Here is what I've been trying, but it simply doesn't work:

@(/[^/]+)\1@

(using @ as the delimiter)

I've also tried:

@/([^/]+)/\1@

(using @ as the delimiter)

Thoughts?

Thanks!

Nate

DarkWater · October 2, 2008

<?php
$url = "http://www.example.com/nate/joe/joe/tom";
$new_url = preg_replace('!/([^/]+)/\1!', '/$1', $url);
echo $new_url;
?>

Works for me.

nathanziarek · October 2, 2008

I should note my code:

preg_match_all("@/([^/]+)/\1@", "http://www.example.com/nate/joe/joe/tom/", $m);
print_r($m)
Array (
 [0] => Array (
 )
 [1] => Array (
 )
)

Oddly, removing the back reference treats the dual "joe" folders as non-unique and only lists one. I am clearly missing something here!

preg_match_all("@/([^/]+)/@", "http://www.example.com/nate/joe/joe/tom/", $m);
print_r($m)
Array (
 [0] => Array (
    [0] => /www.example.com/
    [1] => /joe/
    [2] => /tom/
 )
 [1] => Array (
    [0] => www.example.com
    [1] => joe
    [2] => tom

 )
)

.

I've also tried preg_match, think there was some difference I am unaware of. It delivers similar results.

DarkWater · October 2, 2008

Why are you using preg_match() or preg_match_all()? You should be using preg_replace().

nathanziarek · October 2, 2008

Works for me.

Yeah, me too. Something with the double quotes. Once I changed them to single quotes (as you had) it all started working. Don't get why, but I know enough to just not ask questions sometimes.

Thanks DW!

nathanziarek · October 2, 2008

Why are you using preg_match() or preg_match_all()? You should be using preg_replace().

I'm not 100% sure that all of the duplicate folders like that are actually wrong (these aren't my files or folder structure), so I wanted to just print out a list I could quick scan before making the change permanent. I've already done enough damage

nz

DarkWater · October 2, 2008

Works for me.

Yeah, me too. Something with the double quotes. Once I changed them to single quotes (as you had) it all started working. Don't get why, but I know enough to just not ask questions sometimes.

Thanks DW!

Always use single quotes for regexes. =P I didn't even notice you used double quotes.

ghostdog74 · October 4, 2008

$string = "http://example.com/nate/joe/joe/tom/";
$a = explode("//",$string) ;
$b = explode("/",$a[1]);
$removed = implode("/",array_unique($b)) ;
echo $a[0]."//$removed";

nrg_alpha · October 5, 2008

$string = "http://example.com/nate/joe/joe/tom/";
$a = explode("//",$string) ;
$b = explode("/",$a[1]);
$removed = implode("/",array_unique($b)) ;
echo $a[0]."//$removed";

This tends to be a lot of work for a simple task that is best done using Darkwater's solution.

Keeping the code small with the least amount of steps is most recommended.

ghostdog74 · October 6, 2008

$string = "http://example.com/nate/joe/joe/tom/";
$a = explode("//",$string) ;
$b = explode("/",$a[1]);
$removed = implode("/",array_unique($b)) ;
echo $a[0]."//$removed";
This tends to be a lot of work for a simple task that is best done using Darkwater's solution.

Keeping the code small with the least amount of steps is most recommended.

i don't agree with you. yes it looks like its a lot of work, but these string/array methods are so common that one looking at the code knows what's going on what its doing. its true regex is short and sharp but when it comes to troubleshooting, especially for those who is going to read your code with lots of regex, he's going to have a hard time. anyway, the simplest solution might be using parse_url, instead of wasting time constructing regex.

nrg_alpha · October 6, 2008

i don't agree with you. yes it looks like its a lot of work, but these string/array methods are so common that one looking at the code knows what's going on what its doing.

Code readability has no bearing on code performance.
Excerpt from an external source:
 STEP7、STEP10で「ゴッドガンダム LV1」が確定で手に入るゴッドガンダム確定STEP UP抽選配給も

Clean and efficiently written code (whether some can read / understand it or not) will work better than code that may be more readable yet employ multiple extra steps. Good code should never be 'dumbed down' for others who might have problems trouble shooting. The point of writing good clean, fast and efficient code it to achieve a solution to a problem in the most optimal fashion. If anything, good code should encourage those who are not comfortable with it to further educate themselves so that they may embrace the level of better coding practices. There are many ways to solve a problem when dealing with programming. It boils down to most robust and optimal solutions that should matter most.

its true regex is short and sharp but when it comes to troubleshooting, especially for those who is going to read your code with lots of regex, he's going to have a hard time. anyway, the simplest solution might be using parse_url, instead of wasting time constructing regex.
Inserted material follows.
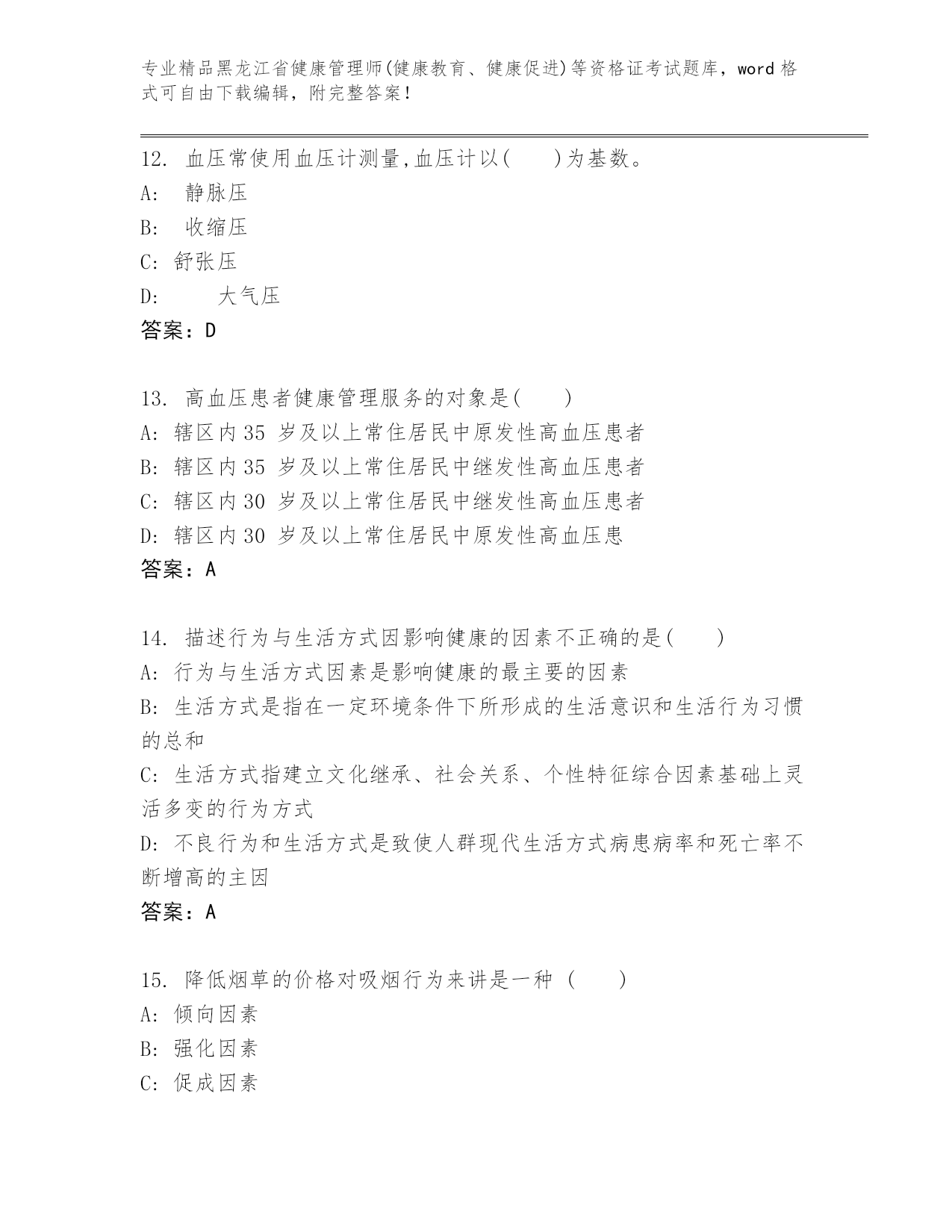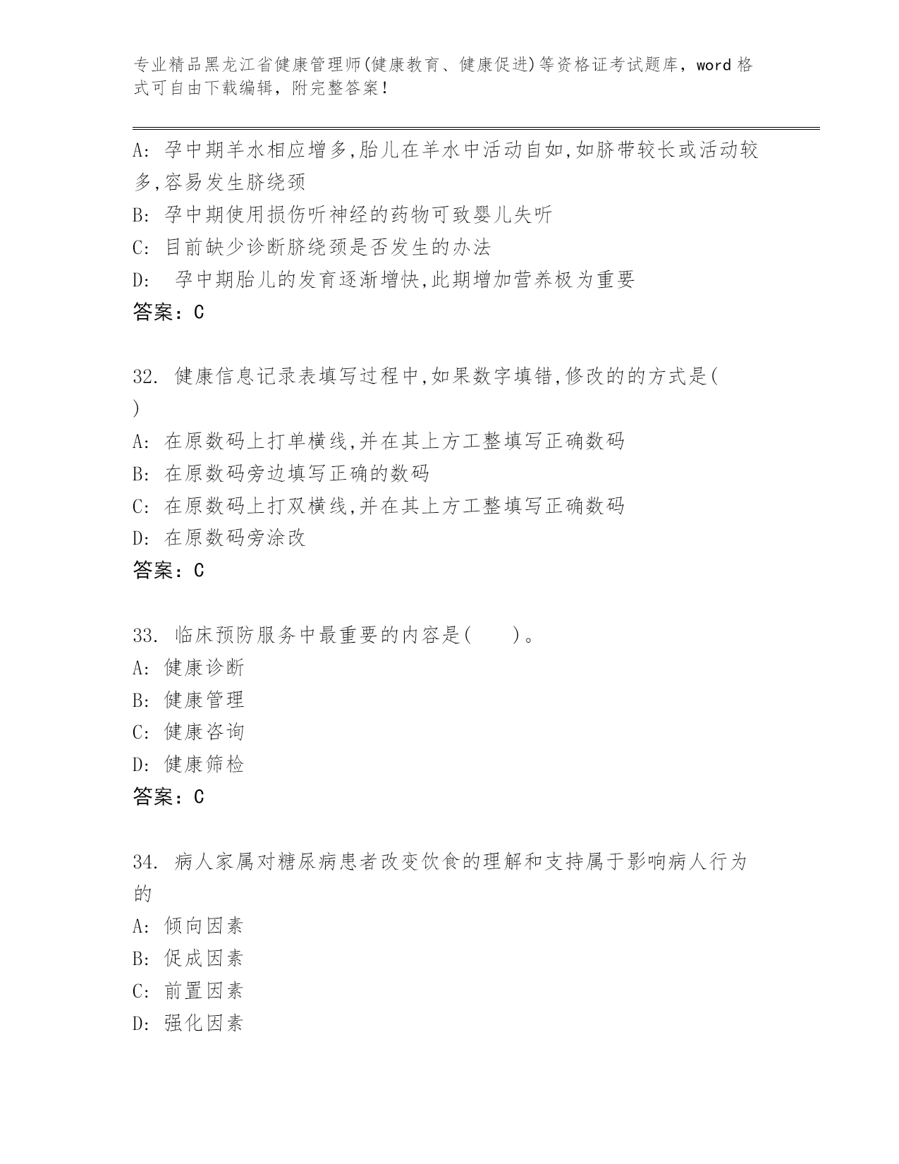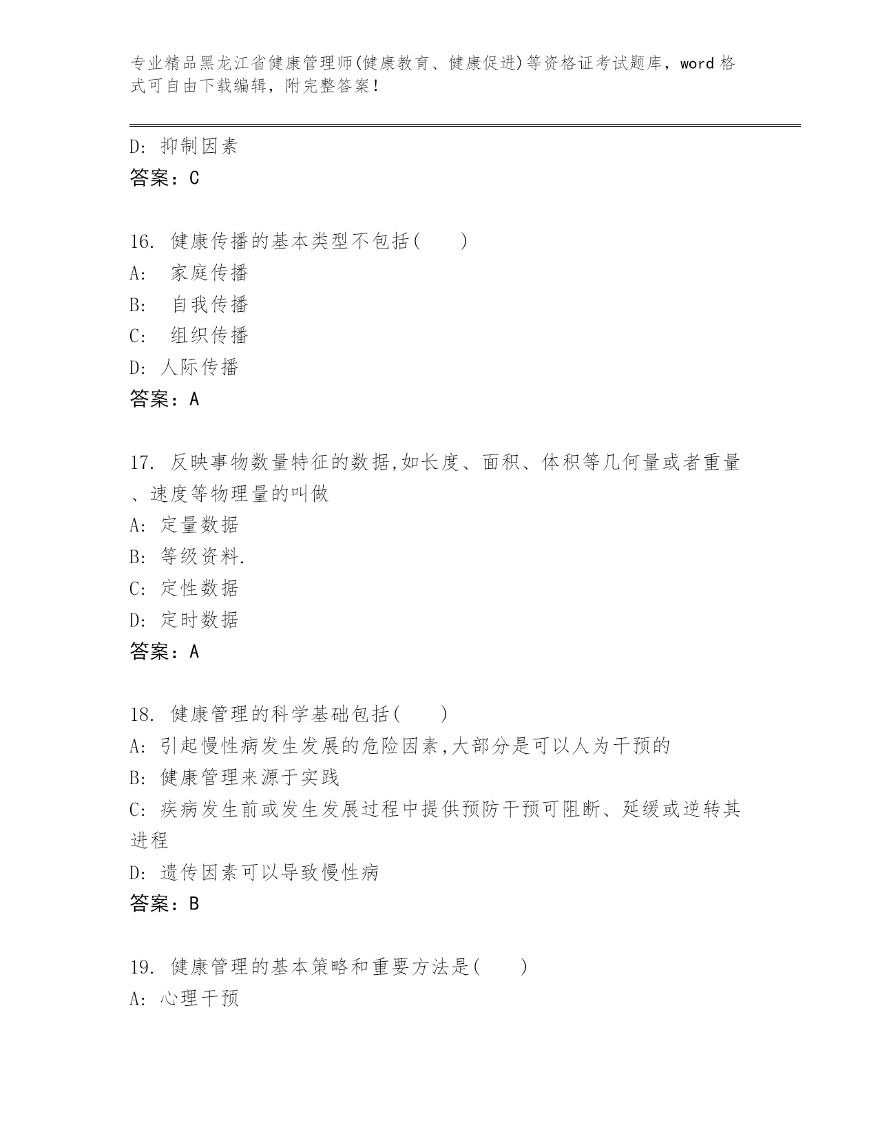 历年黑龙江省健康管理师(健康教育、健康促进)等资格证考试及答案免费下载

Regex may not be the most readable.. but again.. it boils down to speed and efficiency. It is an invaluable tool in any serious PHP programmer's arsenal. Well written patterns prove to be quite efficient and effective.

And finally, parse_url would not in itself solve the OP's problem. That function merely breaks down a URL into multiple components.

consider:

$url = 'http://example.com/nate/joe/joe/tom/';
$urlParsed = parse_url($url);
echo '<pre>';
print_r($urlParsed);
echo '</pre>';

Ouput:

Array
(
    [scheme] => http
    [host] => example.com
    [path] => /nate/joe/joe/tom/
)

This in no way solves the issue at hand. You would need additional code, all the while Darkwater's pattern solves this quite nicely using one simple line.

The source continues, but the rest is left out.